- Genre: Educational
- Developed by: A Squared Entertainment
- Written by: Various
- Directed by: David Elvin Panlin Qiu
- Voices of: Warren Buffett Chris Jai Alex Ogie Banks Julie Maddalena Stephanie Sheh Steve Staley
- Theme music composer: Ron Wasserman
- Opening theme: "Secret Millionaires Club Theme"
- Ending theme: "Secret Millionaires Club Theme" (instrumental)
- Composer: Ron Wasserman
- Countries of origin: China United States
- Original language: English
- No. of seasons: 1
- No. of episodes: 26

Production
- Executive producers: Amy Moynihan Heyward Andy Heyward Lifeng Wang
- Production location: New York City
- Running time: 30 minutes
- Production companies: Berkshire Hathaway Bang Zoom! Entertainment Xing Xing Animation

Original release
- Network: The Hub / Hub Network
- Release: October 23, 2011 – January 11, 2017 (Qubo broadcast only)

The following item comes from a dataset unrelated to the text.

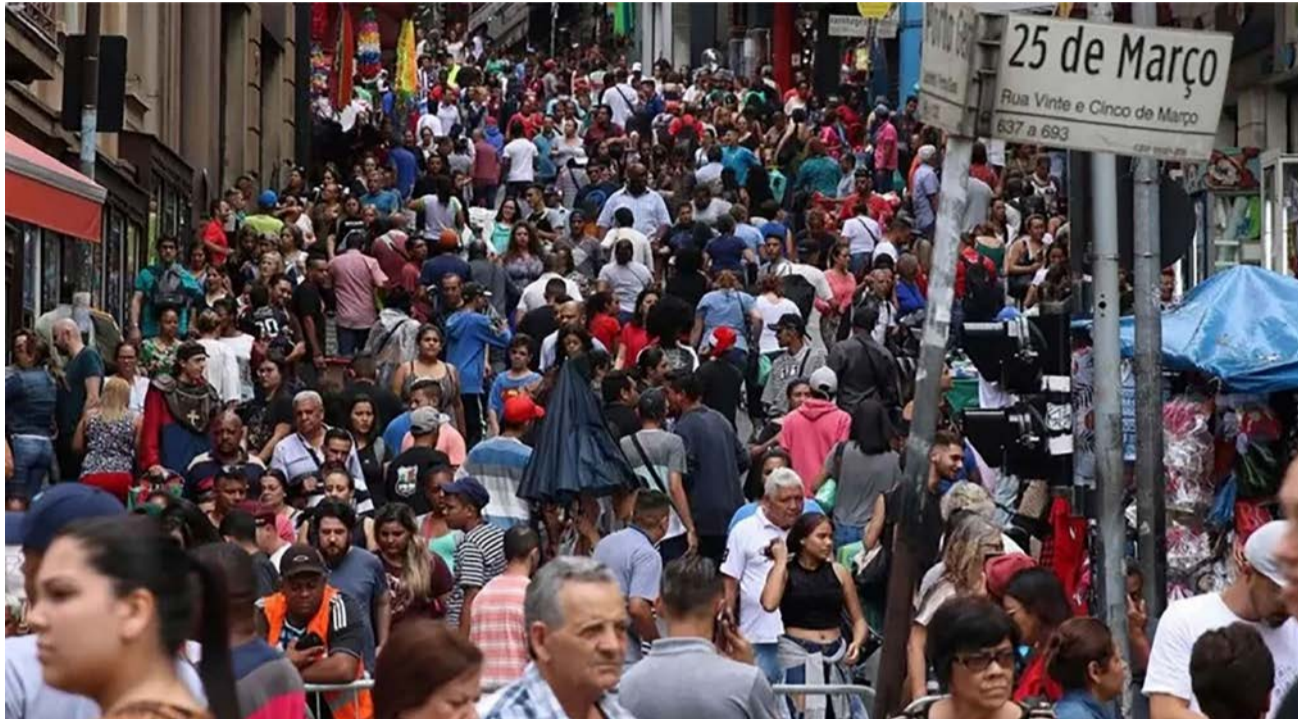
Em 200 anos, desde a Independência, a expectativa de vida no Brasil se multiplicou por três

não fossem as perdas de vida causadas pela pandemia.

= Secret Millionaires Club =

Animated series

Secret Millionaires Club is a children's educational animated TV series that aired on The Hub / Hub Network from October 23, 2011 to January 11, 2017. Qubo would later air reruns of the series from 2016 until its closure in 2021. The series focuses on a famous investor Warren Buffett as a secret mentor to a group of kids who learn practical life lessons during their adventures in business.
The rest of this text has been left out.